The Complete Home Server Beginner's Guide
Go from zero to a running home server: choose hardware, pick an operating system, deploy your first apps, and keep everything secure and backed up.
This guide takes you from complete beginner to a working home server, one clear step at a time. No prior experience required.
Step 1: Decide what you want to run
Your goals determine everything else. Pick one or two to start:
- A file server / NAS for documents and backups.
- A media server (Plex or Jellyfin) for your movies and music.
- Network-wide ad blocking with Pi-hole.
- A private cloud (Nextcloud, Immich) to replace Google.
Step 2: Choose your hardware
For most beginners, a mini PC with an Intel N100/N150 and 8–16 GB RAM is the sweet spot: efficient, quiet and capable. A Raspberry Pi works for lighter tasks. See our best mini PCs guide.
Step 3: Pick an operating system
- CasaOS — friendliest, with a graphical app store. Great first choice.

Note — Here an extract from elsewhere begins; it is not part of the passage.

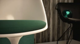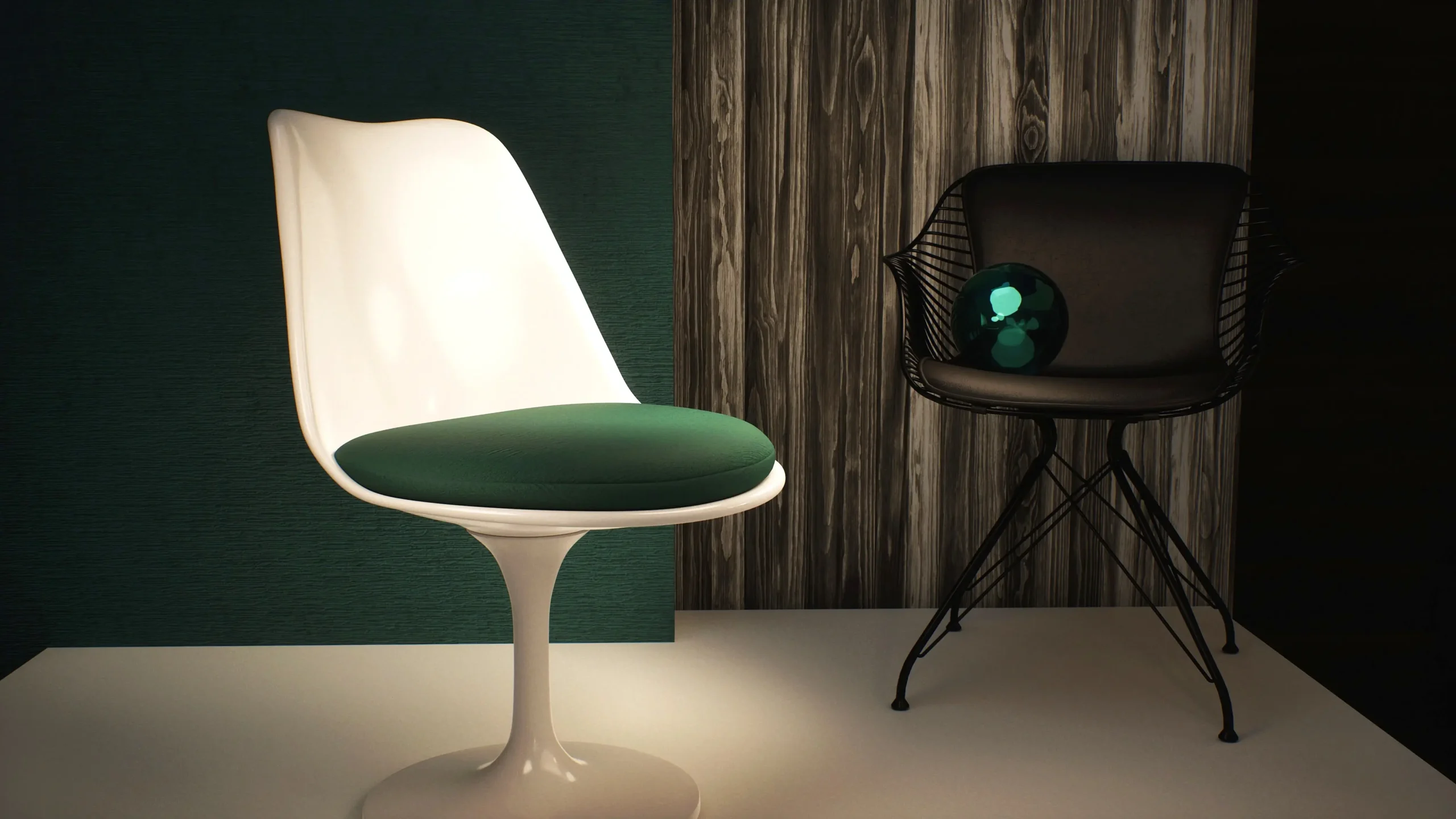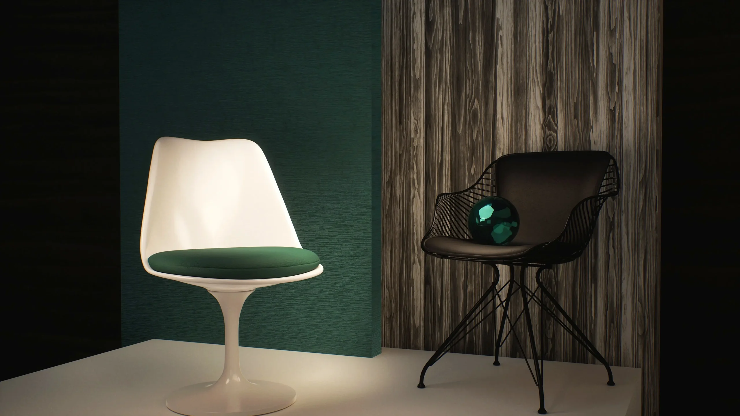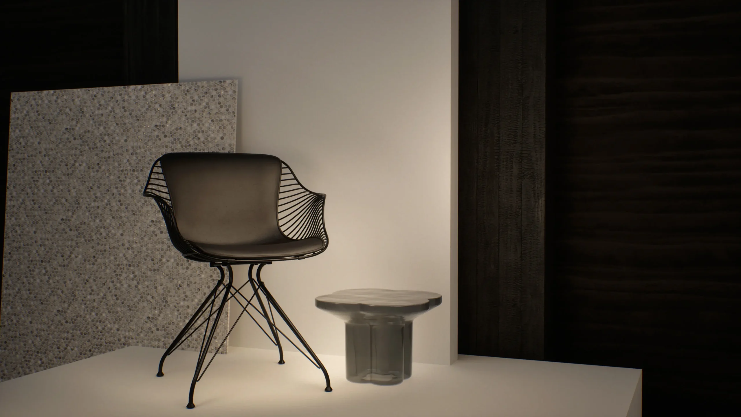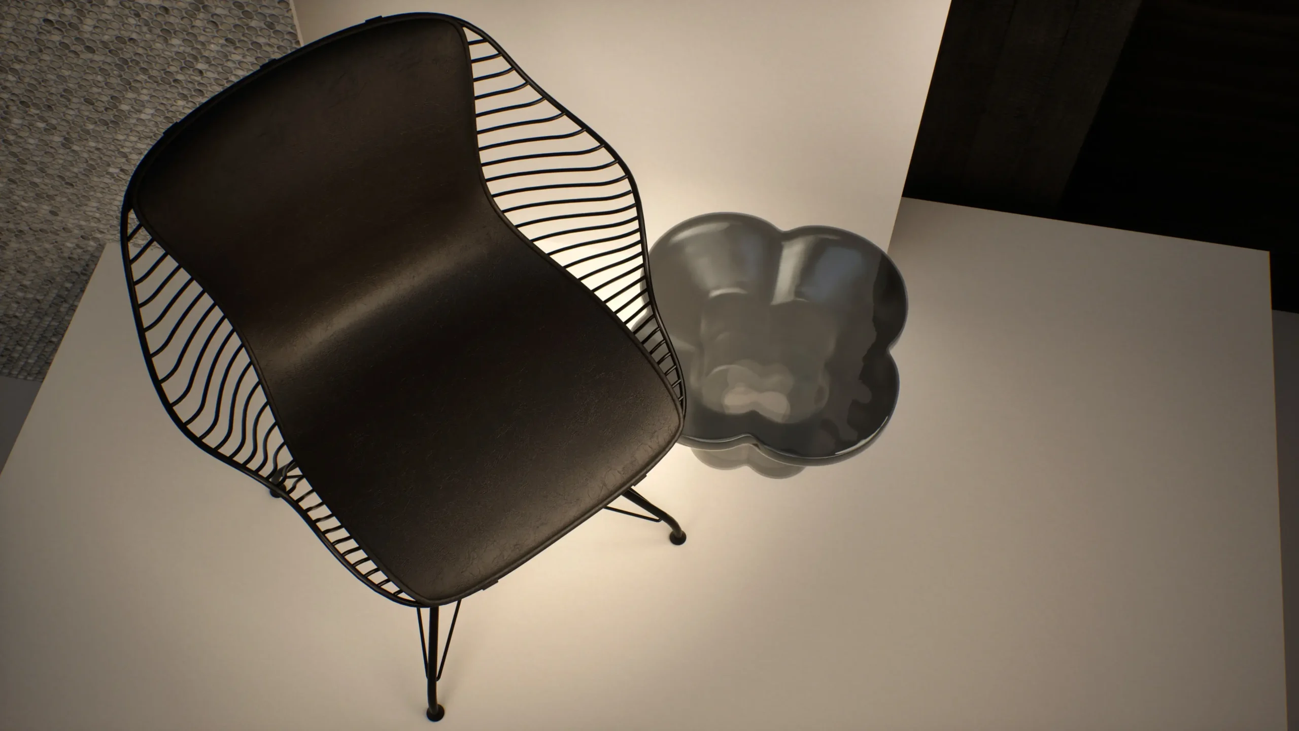 The environment was intentionally simplified to remove visual noise and allow the chair’s geometry and materials to remain the focal point. Each element from background surfaces to supporting objects was selected to reinforce contrast without distraction.

- Ubuntu Server / Debian — flexible and universal; pair with Docker.
- TrueNAS — if storage and ZFS are your priority.
- Proxmox — if you want virtual machines and containers.

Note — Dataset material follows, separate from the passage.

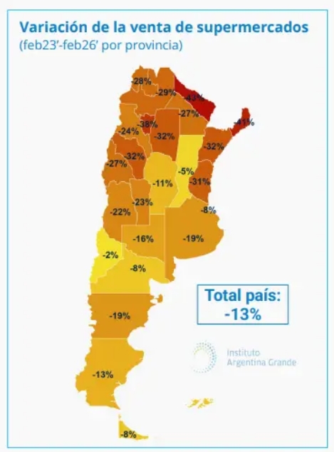 De este modo,las ventas en supermercados se ubicaron 11% por debajo de noviembre de 2023 (serie sin estacionalidad). La variación interanual en el total país fue de -13%, y si bien las bajas son generalizadas hay diferencias por regiones. Según detallaron desde el Instituto Argentina Grande (IAG) en el Noreste Argentino (NEA) la variación promedio fue de -36% y en el Noroeste (NOA) del -31%, en otras palabras, contra febrero de 2023 la compra en supermercados se contrajo un tercio (en términos reales). Por último, la Provincia de Buenos Aires (-19% contra 2023) evidenció una imagen heterogénea: en el Conurbano cayeron 22% en términos reales y en el resto de la PBA un 13%.
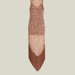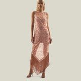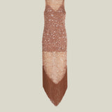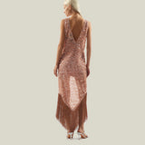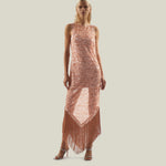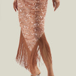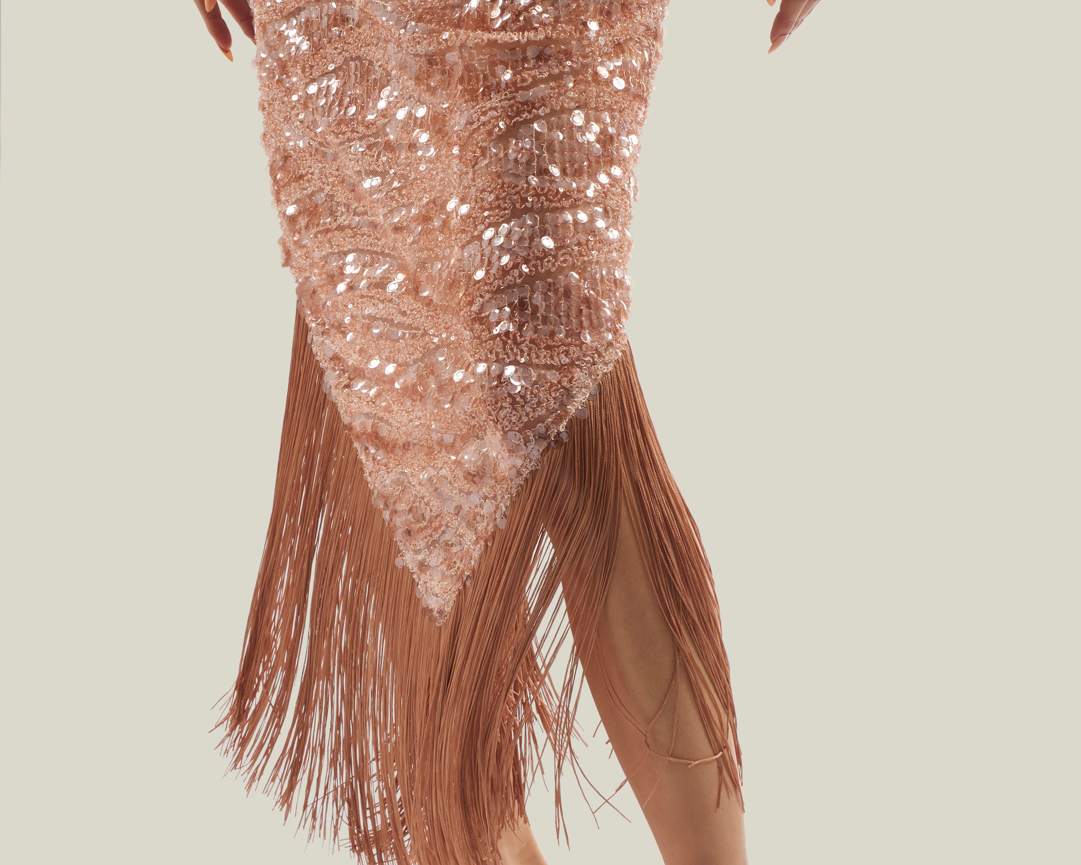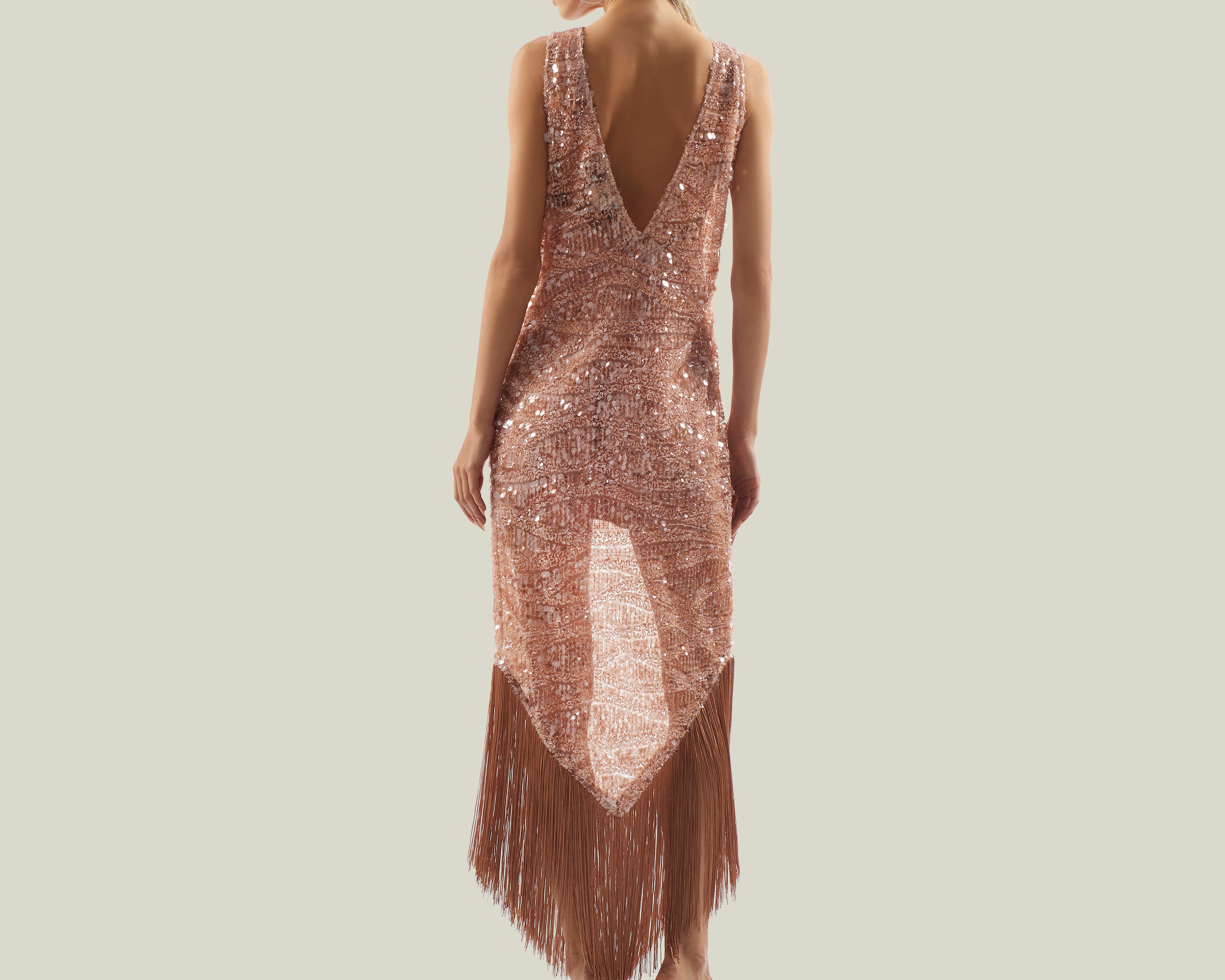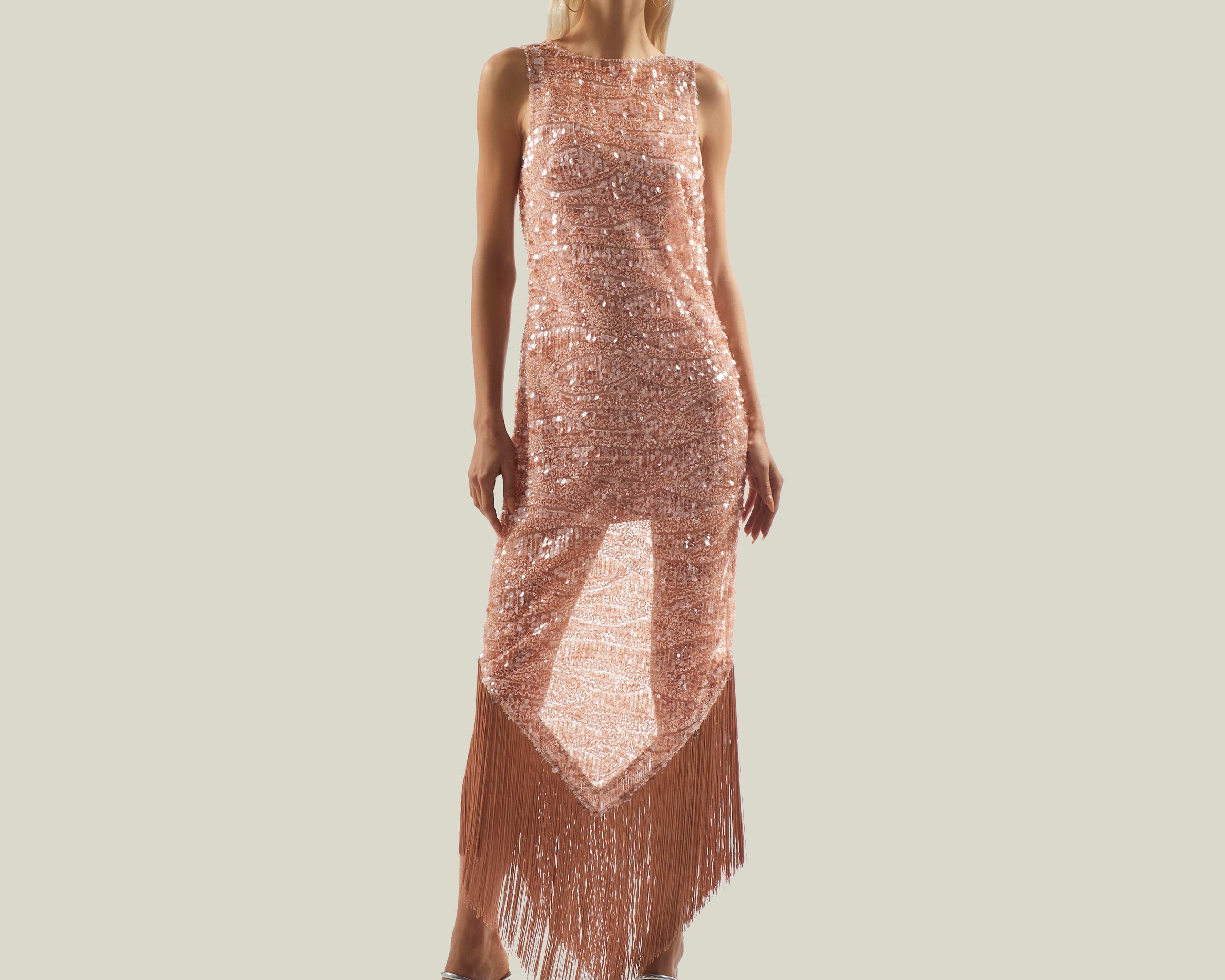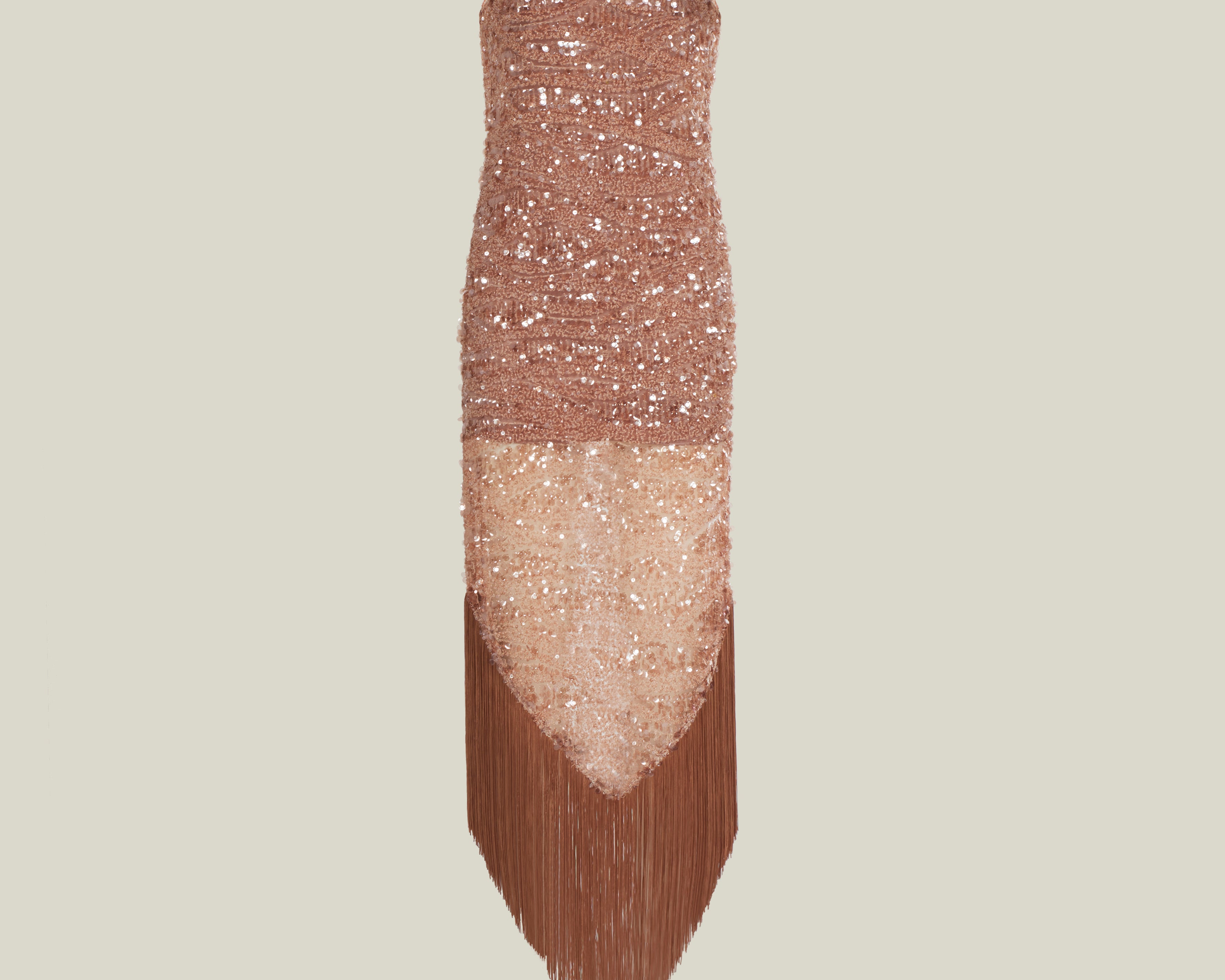 A celebration of light and movement. Sleeveless and cut with a deep V-back, the Taormina is a dazzling column dress crafted from shimmering tulle embroidered with crystal-inspired sequins, creating a spectacle of radiance from every angle. The silhouette is lined with a short slip in fluid viscose-blend crepe cady, subtly enhancing the brilliance and transparency of the outer layer. It finishes in a striking V-shaped hem, entirely trimmed with swaying fringes.

Compare options like TrueNAS vs OpenMediaVault and Proxmox vs VMware.
Step 4: Install Docker
Docker is how you'll run most apps. Follow our tutorial to install Docker on Ubuntu, then learn the essentials in Docker basics.

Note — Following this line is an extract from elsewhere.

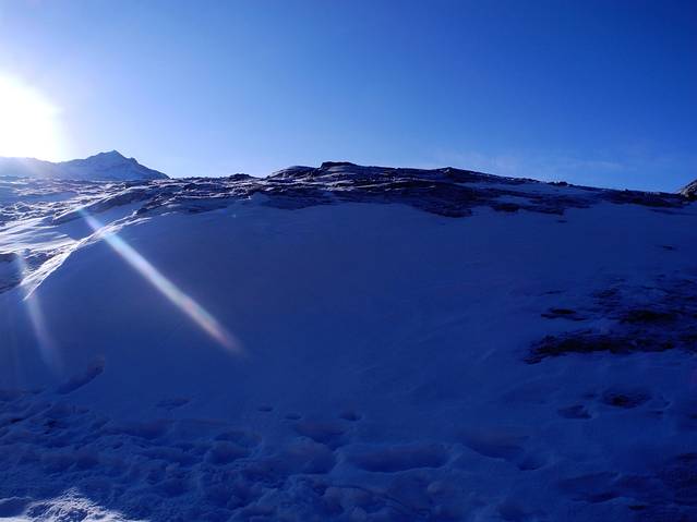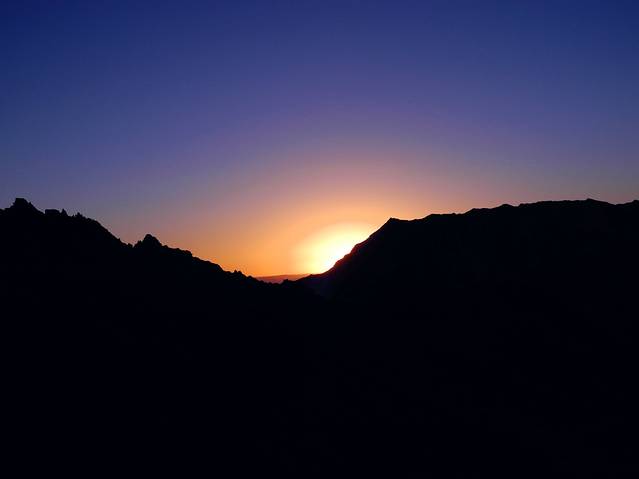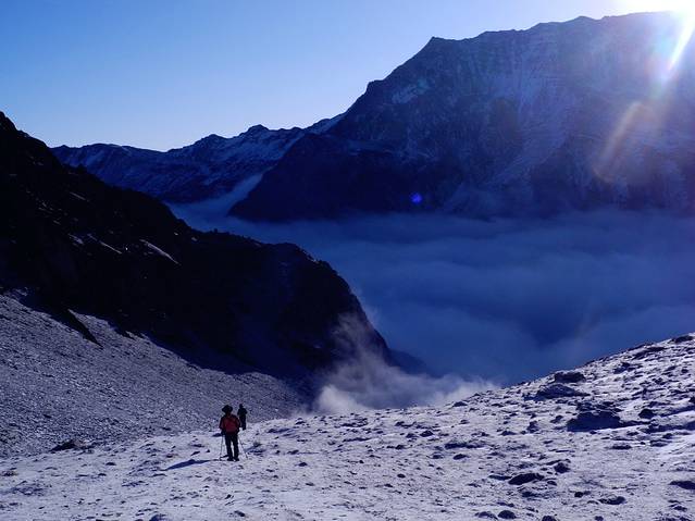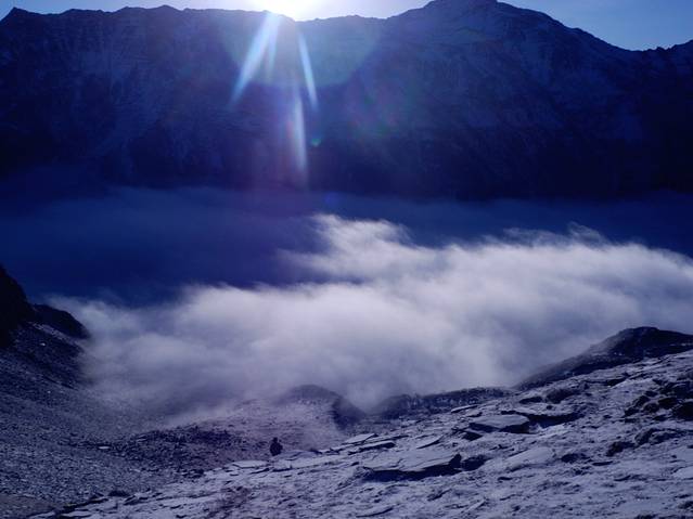 终究脚步停留在了距离二姑娘之顶还有300米海拔的地方,出于对大自然的敬畏,对生命的珍惜,遗憾而又艰难的从300米到顶点处转身而下。站在悬崖峭壁间,仰望着那不见顶端的二姑娘,俯视着群山间的云海仙境,寒风阵阵,眼眶里一阵暖流打转,心里是伤心的,也是无奈的,因为原本完全可以登顶的Tracy和坚持一下也能登顶的老杜也只有跟着下撤;也因为在体力达到极限时,我心里想的是,不会再来亲近二姑娘了。。带着遗憾下撤中,日出渐渐照耀着这片桀骜冷艳的群山,白雪皑皑的大姑娘就在眼前,傲立在云海间,不为周遭一切所动容,美的让人敬畏。

Step 5: Deploy your first app
Start with something rewarding and low-risk, like Pi-hole or a Jellyfin media server. Use Docker Compose so your setup is reproducible:
services:
jellyfin:
image: jellyfin/jellyfin
ports:
- "8096:8096"
volumes:
- ./config:/config
- /mnt/media:/media
restart: unless-stoppedStep 6: Access it safely
Reach your services from anywhere without opening ports by using a VPN like Tailscale or WireGuard. For clean URLs, add a reverse proxy later.
Step 7: Secure and back up
Before you rely on it, work through the security checklist and set up backups following the 3-2-1 rule. A NAS is not a backup — you need offsite copies too.
You're up and running
From here, grow at your own pace: add apps, learn networking, and explore the resource directory. Welcome to self-hosting.